SELECT (coalesce(NULL, ''), 2, 'a') > (coalesce(NULL, ''), 1, 'b');

--
Kevin Grittner
EDB: http://www.enterprisedb.com
The Enterprise PostgreSQL Company


Re: tuple compare involving NULL

From
Albe Laurenz
Date:
Tobias Florek wrote:
> i guess my problem reduces to the following question, but if there is
> not enough detail feel free to ask for more details.
> 
> 
> the following query returns true (as expected).
> 
> =# SELECT (2,4,'a string') > (2,3,'another string');
> 
> but any comparison involving NULL also returns NULL (i also kind of
> expected that). e.g.:
> 
> =# SELECT (2,NULL, 'a')  > (1, NULL, 'b');  # no 1
> =# SELECT (NULL, 2, 'a') > (NULL, 1, 'b');  # no 2
> =# SELECT (NULL, 1, 'b') > (NULL, 2, 'a');  # no 3
> 
> does anyone knows a way to modify the queries to return true for number
> 1, true for 2 and false for 3, i.e. treat NULL in a tuple such that it
> compares smaller than anything not NULL?
> 
> 
> i can (of course) expand the tuple compare (a1, a2, a3) > (b1, b2, b3) to
> =# SELECT a1 > b1
>         or (a1 = b1 and (a2 > b2
>                          or (a2 = b2 and a3 > b3))
> 
> and insert appropriate COALESCEs and IS NULLs and much conditional
> logic. but i really hope, there is a better way.

I can't think of any.
There is IS DISTINCT FROM for "equality" involving NULLs, but that won't solve
your problem.

I'd say that you are basically trying to abuse NULL, which means something
like "don't know" or "missing value", and that cannot be compared with other values.
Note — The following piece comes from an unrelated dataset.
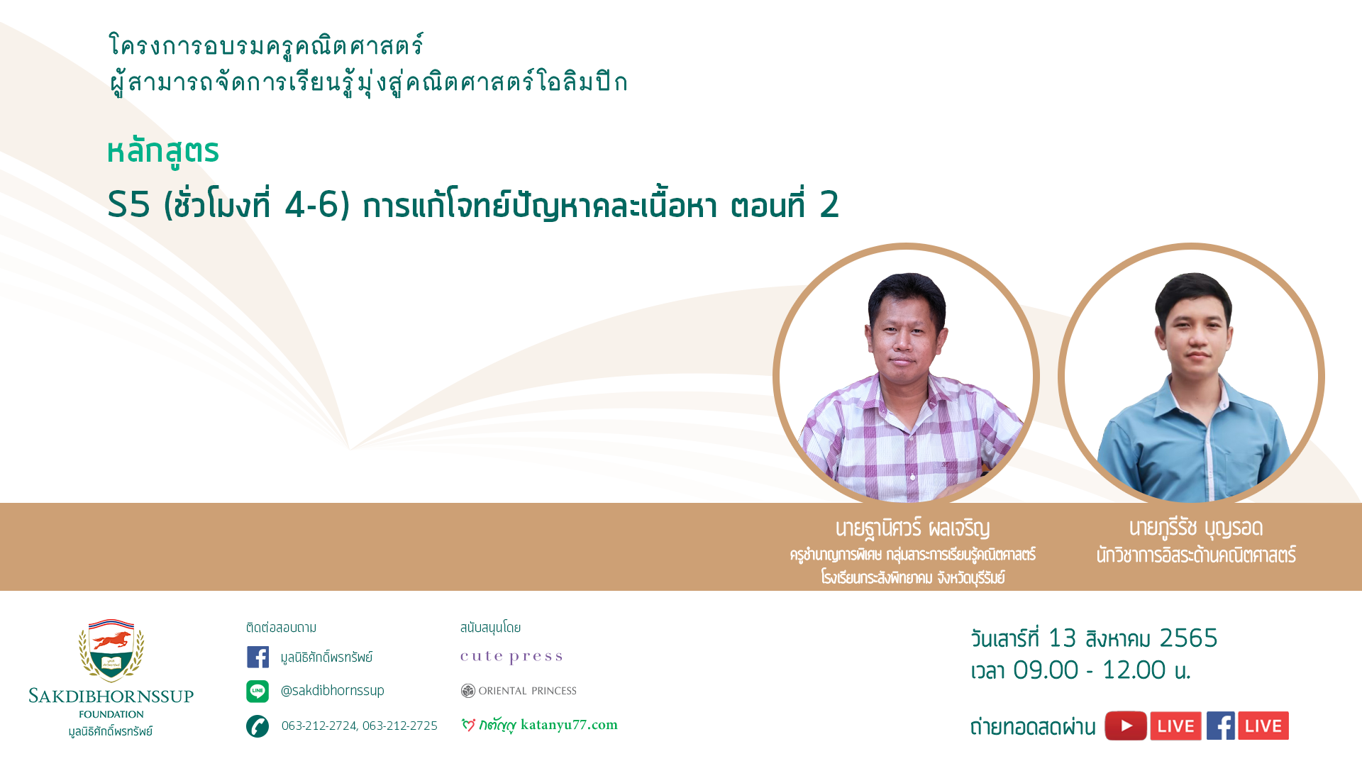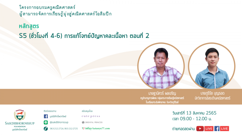 หลักสูตร : S5 (ชั่วโมงที่ 4-6) การแก้โจทย์ปัญหาคละเนื้อหา ตอนที่ 2
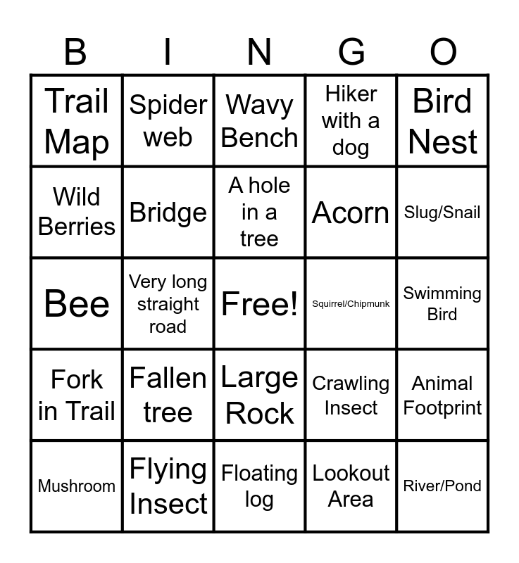 This bingo card has a free space and 31 words: Floating log, Fence, Very long straight road, Wild flower, Trail Map, Wavy Bench, Bridge, Crawling Insect, Squirrel/Chipmunk, Lookout Area, Swimming Bird, River/Pond, A Hiker wearing Black, Moss, Slug/Snail, Pine Cone, Animal Footprint, Fallen tree, Fork in Trail, Large Rock, Bird Nest, Snake, Mushroom, Spider web, Acorn, Wild Berries, Hiker with a dog, Bee, Flying Insect, A hole in a tree and Boat.

Something with COALESCE would maybe be the simplest workaround, like

(COALESCE(a, -1000), COALESCE(b, -1000)) > (COALESCE(c, -1000), COALESCE(d, -1000))

Yours,
Laurenz Albe

Re: tuple compare involving NULL

From
Tom Lane
Date:
Tobias Florek <postgres@ibotty.net> writes:
> but any comparison involving NULL also returns NULL (i also kind of
> expected that). e.g.:

> =# SELECT (2,NULL, 'a')  > (1, NULL, 'b');  # no 1

Really?  I get

regression=# SELECT (2,NULL, 'a')  > (1, NULL, 'b');
 ?column?
----------
 t
(1 row)

> does anyone knows a way to modify the queries to return true for number
> 1, true for 2 and false for 3, i.e. treat NULL in a tuple such that it
> compares smaller than anything not NULL?

No, it doesn't work like that exactly.  But in this example, 2 > 1 is
sufficient to determine the result, so the nulls need not be compared.

By and large, though, I'd say that this question is an indicator that
you're misusing NULL.  Rethink your data design.

            regards, tom lane


Re: tuple compare involving NULL

From
Tobias Florek
Date:
hi and thank you all for your replies,

(you are right, that i had the first example wrong.)


unfortunately

> SELECT (coalesce(NULL, ''), 2, 'a') > (coalesce(NULL, ''), 1, 'b');

or

 > (COALESCE(a, -1000), COALESCE(b, -1000)) > (COALESCE(c, -1000),
COALESCE(d, -1000))

will only work for specific data types and not, say, integers or dates.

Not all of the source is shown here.